- YOUR OBJECTIVE -
From the first line of the material to the line containing "이어 상장 계약서에 서명하고, 상장기념패", inclusive, write out each line exactly, leaving out the pictures.

- INPUT DATA -
Start of Block

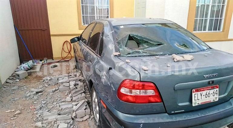 Las rafágas de viento que azotaron este día en la ciudad de Chihuahua, causaron la caída de una barda de blocks en el exterior de un domicilio de la colonia Vistas del Norte, lo que dejó daños en un vehículo estacionado.
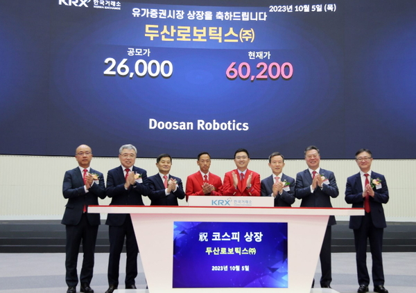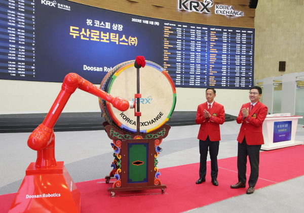 이어 상장 계약서에 서명하고, 상장기념패 전달식을 가진 뒤 두산로보틱스 박인원 대표와 류정훈 대표가 두산로보틱스의 거래 시작을 알리는 매매개시 벨을 누르는 것으로 행사가 마무리됐다.
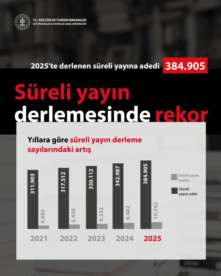 Kültür ve Turizm Bakanlığı, basılı ve elektronik yayınların derlenmesi çalışmalarında 2025 yılında önemli rekorlar kırıldığını açıkladı. Toplam 10 bin 742 başlık ve 384 bin 905 süreli yayın derlendi.

End of Block

- RESULT BELOW -
 Las rafágas de viento que azotaron este día en la ciudad de Chihuahua, causaron la caída de una barda de blocks en el exterior de un domicilio de la colonia Vistas del Norte, lo que dejó daños en un vehículo estacionado.
 이어 상장 계약서에 서명하고, 상장기념패 전달식을 가진 뒤 두산로보틱스 박인원 대표와 류정훈 대표가 두산로보틱스의 거래 시작을 알리는 매매개시 벨을 누르는 것으로 행사가 마무리됐다.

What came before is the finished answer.